DGRP Screen Data.csv Recorded data from DGRP screen - contains 1) date of record, 2) recorder ID, 3) DGRP line, 4) vial ID, 5) counts of eclosed F/M, 6) average weights of eclosed F/M, 7) batch ID. Used in ModelingPhenotypes.R.
Raw Line Phenotypes.csv Average phenotypes (number and average weight of F/M offspring) for DGRP lines uncorrected for batch effects. Output of ModelingPhenotypes.R.
Batch Adjusted Line Phenotypes.csv Average phenotypes (number and average weight of F/M offspring) for DGRP lines corrected for batch effects. Output of ModelingPhenotypes.R.
pca phenotype.csv DGRP line ID and offspring index (PC1 score) for use with DGRP2 webtool. Output of ModelingPhenotypes.R.
Line Effects Data.csv DGRP line ID, modeled line effects for each phenotype, and offspring index (PC1 score). Output of ModelingPhenotypes.R.
Density Data Records.csv CSV with recorded data from parental density experiment - 1) coded DGRP line ID 2) density treatment code, 3) replicate ID, 4) date of record, 5) counts/weights of offspring. Used in DensityAnalysis.R.
Validation Exelixis Lines.zip Two CSV files containing records from validations of Exelixis mutants as compared with the background W1118 strain. Records contain 1) date of record, 2) Exelixis line, 3) replicate ID, 4) counts of eclosed F/M, 5) average weights of eclosed F/M, and 6) batch ID. Used in Validations.R.

GWAS Data

candidate_genes.txt FlyBaseID and gene name of candidate genes associated with top variants.
validation_genes.txt FlyBaseID and gene name of genes chosen for validation experiments.
gwas_top.csv CSV with chromosome, position, affected gene, p-value, effect size, and location of variant for top associated variants (Table 1 in the manuscript). For use with CrossGWASComparison.R
gwas_results.zip Output from the DGRP2 webtool. gwas.top.csv contains top associated variants, allele infomation, p-values, and annotation. gwas.top.xlsx contains additional sheets with information on mutant lines used for validation. qqplots.zip contains qqplots used in the supplement.

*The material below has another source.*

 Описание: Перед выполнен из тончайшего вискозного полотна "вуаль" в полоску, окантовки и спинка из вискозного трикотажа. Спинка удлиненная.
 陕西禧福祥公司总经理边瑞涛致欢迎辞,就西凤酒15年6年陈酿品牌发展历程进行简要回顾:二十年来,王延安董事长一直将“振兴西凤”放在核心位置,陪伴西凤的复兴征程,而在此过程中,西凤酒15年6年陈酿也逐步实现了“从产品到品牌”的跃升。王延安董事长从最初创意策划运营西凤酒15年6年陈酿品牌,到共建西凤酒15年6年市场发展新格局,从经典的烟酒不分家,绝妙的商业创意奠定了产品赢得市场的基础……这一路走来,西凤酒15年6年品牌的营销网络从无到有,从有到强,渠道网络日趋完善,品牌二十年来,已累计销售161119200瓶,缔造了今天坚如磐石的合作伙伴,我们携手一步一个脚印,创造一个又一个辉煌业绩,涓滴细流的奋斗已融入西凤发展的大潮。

LDheat.eps is the heatmap of linkage disequilibrium of the variants. gwas.all.assoc contains p-values for all variants. pheno.adjust.txt contains ANOVA tests for inversions/Wolbachia status on phenotypes. raw.adjusted.pheno.txt has raw and adjusted phenotype data. snp_calls.csv contains variant genotypes for those in "gwas.top.csv". Please see the link to the DGRP2 webtool for detailed information on the files.
DRGP Data
DGRP_gene_expression.zip Contains Average DGRP Expression Data.RData with average gene expression data per line, as well as the raw expression data from Huang et al., 2015, dgrp.array.exp.female.txt and dgrp.array.exp.male.txt. Used in GeneExpressionCorrelations.R.
DGRP_GWAS_phenotypes.zip Contains CSVs and other data files with line phenotypes from other DGRP GWAS. Used in TraitCorrelations.R.
Durham_GWAS_Results.zip Contains CSVs with candidate genes from a fecundity GWAS by Durham et al. (2014). Used in CrossGWASComparison.R.